◆ Provided data:
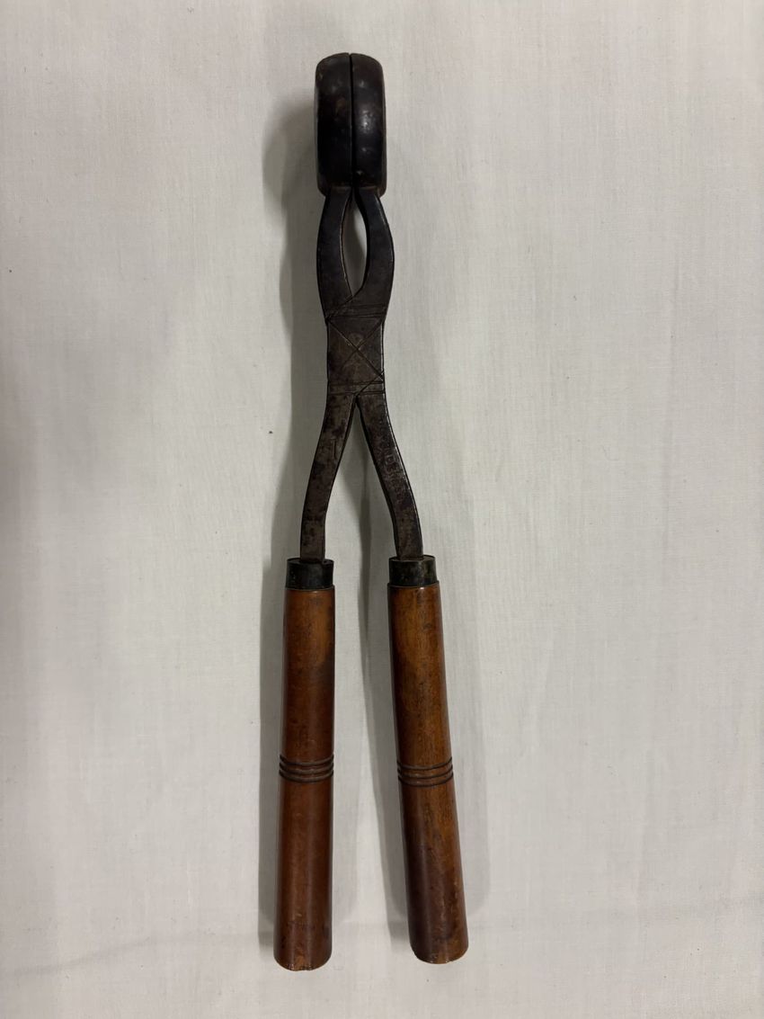 Small match box cover. (Sliding box missing) Laminated paper cover with metal frame over wood. Top of cover has printed image of house and in the right corner an oval portrait of man with glasses, pointing toward the viewer. Ignighter strip on one side.
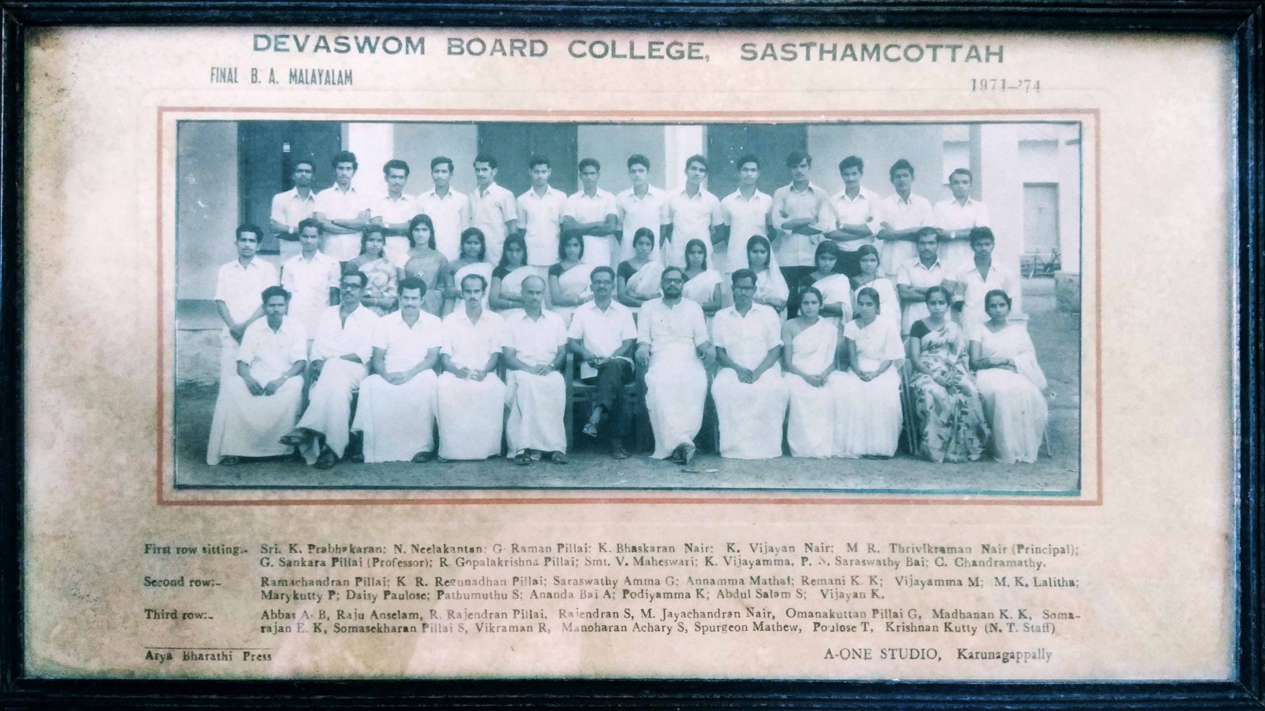 The Department is proud to place on record it could seat out 40 batches of BA Degree Students. In the beginning, there were only 25 students for B.A. Malayalam course. But none there are 40 seats and every year 40 to 60 Students are admitted to the course. The Department has been producing very good results all these years. More than 90% of the students pass the University examinations and nearly 30 percentage secure First Class every year. Malayalam department has formed and sent out many eminent personalities to the various fields of life. Many of them are working as teachers in colleges and schools. Some of them occupy very high positions in society. Sri. John Samuel is serving as the Asst. Director of Doordarshan, Mr. P.J. Radhakrishnan is, working as a producer in Doordarshan. Dr. B. Ananatha Krishnan is the director of the School of Performing in Hyderabad University. Renjilal is famous film Director, Mr. S. SanthoshKurup is well-known film actor, Sri P.R. Kurup, Dr. C Unnikrishnan, Dr. R.S Rajeev and Dr. Padmanabha Pillai are working as lecturers in DB Colleges, Dr. N .Anil Kumar who was the then First Rank holder of Kerala University B.A. Degree is now working in Sree Kerala Varma College, Trichur, Dr. K. Rajendran and Sri. S. Ajayan are Asso. Professors in MSM College, Kayamkulam, Dr. P. Vijayan is the Principal of Govt College, Dr. K. Abdul Azeez is Asso. Professor, Iqbal College (Retd.), Peringamala, Dr. R .BhadranAsso.Prof. (Retd.) inCatholicate College, Pathanamthitta, Sri. G. Thomas.Is working as Lecturer in FathimaMatha National College, Kollam. DrGirijaAsso.Professor N.S.S. College, Pandalam. Dr.K.B. Selvamony, Asso.ProfessorUniversity College, Dr. Ashraf NizaAsso.Professor, Women’s College, Trivandrum. Sri K.Krishna Kumar additional District Majistrate, Malayalam Critic and TV Anchor Dr.T.K. Santhosh Kumar are former students of the Department of Malayalam.
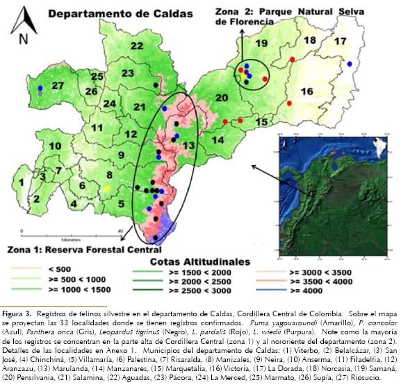 Results and discussion: We identified 33 locations with records of wild felids, which belong to six species: Leopardus pardalis (Ocelote), L. wiedii (Margay), L. tigrinus (Oncilla), Puma yagouaroundi (Jaguarundi), P. concolor (Puma), and Panthera onca (Jaguar). In this work, we identified two areas of the department where most of the records were made. The first area is located in the south-central portion of Caldas and it includes the majority of the records of L. tigrinus and P. concolor. The second area is located in the northeastern portion of the department and it is associated with all of the records of L. wiedii and most of the records of L. pardalis and P. yagouaroundi. The main threats to the survival of wild cats in Caldas are: habitat loss, fragmentation, hunting, as well as road mortality. Since 1999, there are no records of Panthera onca for Caldas, and more research is required to confirm whether this species still inhabits the department.
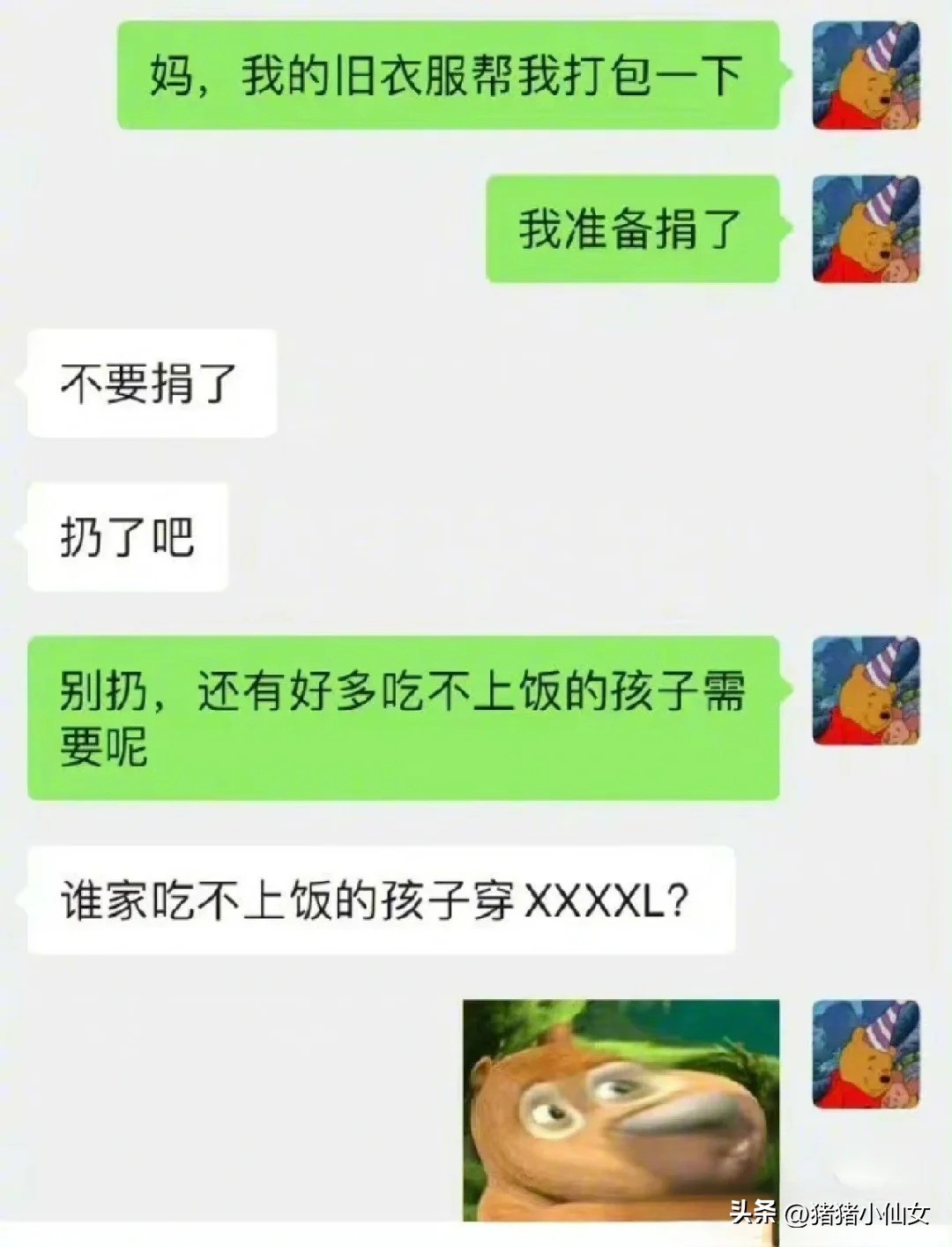 谁家吃不上饭的孩子穿XXXXL,有爱心是好的,但是要考虑一下自身,太逗了,哈哈~

◆ What the task asks:
Repeat the material exactly and drop each image.

◆ Output for this exercise:
 Small match box cover. (Sliding box missing) Laminated paper cover with metal frame over wood. Top of cover has printed image of house and in the right corner an oval portrait of man with glasses, pointing toward the viewer. Ignighter strip on one side.
 The Department is proud to place on record it could seat out 40 batches of BA Degree Students. In the beginning, there were only 25 students for B.A. Malayalam course. But none there are 40 seats and every year 40 to 60 Students are admitted to the course. The Department has been producing very good results all these years. More than 90% of the students pass the University examinations and nearly 30 percentage secure First Class every year. Malayalam department has formed and sent out many eminent personalities to the various fields of life. Many of them are working as teachers in colleges and schools. Some of them occupy very high positions in society. Sri. John Samuel is serving as the Asst. Director of Doordarshan, Mr. P.J. Radhakrishnan is, working as a producer in Doordarshan. Dr. B. Ananatha Krishnan is the director of the School of Performing in Hyderabad University. Renjilal is famous film Director, Mr. S. SanthoshKurup is well-known film actor, Sri P.R. Kurup, Dr. C Unnikrishnan, Dr. R.S Rajeev and Dr. Padmanabha Pillai are working as lecturers in DB Colleges, Dr. N .Anil Kumar who was the then First Rank holder of Kerala University B.A. Degree is now working in Sree Kerala Varma College, Trichur, Dr. K. Rajendran and Sri. S. Ajayan are Asso. Professors in MSM College, Kayamkulam, Dr. P. Vijayan is the Principal of Govt College, Dr. K. Abdul Azeez is Asso. Professor, Iqbal College (Retd.), Peringamala, Dr. R .BhadranAsso.Prof. (Retd.) inCatholicate College, Pathanamthitta, Sri. G. Thomas.Is working as Lecturer in FathimaMatha National College, Kollam. DrGirijaAsso.Professor N.S.S. College, Pandalam. Dr.K.B. Selvamony, Asso.ProfessorUniversity College, Dr. Ashraf NizaAsso.Professor, Women’s College, Trivandrum. Sri K.Krishna Kumar additional District Majistrate, Malayalam Critic and TV Anchor Dr.T.K. Santhosh Kumar are former students of the Department of Malayalam.
 Results and discussion: We identified 33 locations with records of wild felids, which belong to six species: Leopardus pardalis (Ocelote), L. wiedii (Margay), L. tigrinus (Oncilla), Puma yagouaroundi (Jaguarundi), P. concolor (Puma), and Panthera onca (Jaguar). In this work, we identified two areas of the department where most of the records were made. The first area is located in the south-central portion of Caldas and it includes the majority of the records of L. tigrinus and P. concolor. The second area is located in the northeastern portion of the department and it is associated with all of the records of L. wiedii and most of the records of L. pardalis and P. yagouaroundi. The main threats to the survival of wild cats in Caldas are: habitat loss, fragmentation, hunting, as well as road mortality. Since 1999, there are no records of Panthera onca for Caldas, and more research is required to confirm whether this species still inhabits the department.
 谁家吃不上饭的孩子穿XXXXL,有爱心是好的,但是要考虑一下自身,太逗了,哈哈~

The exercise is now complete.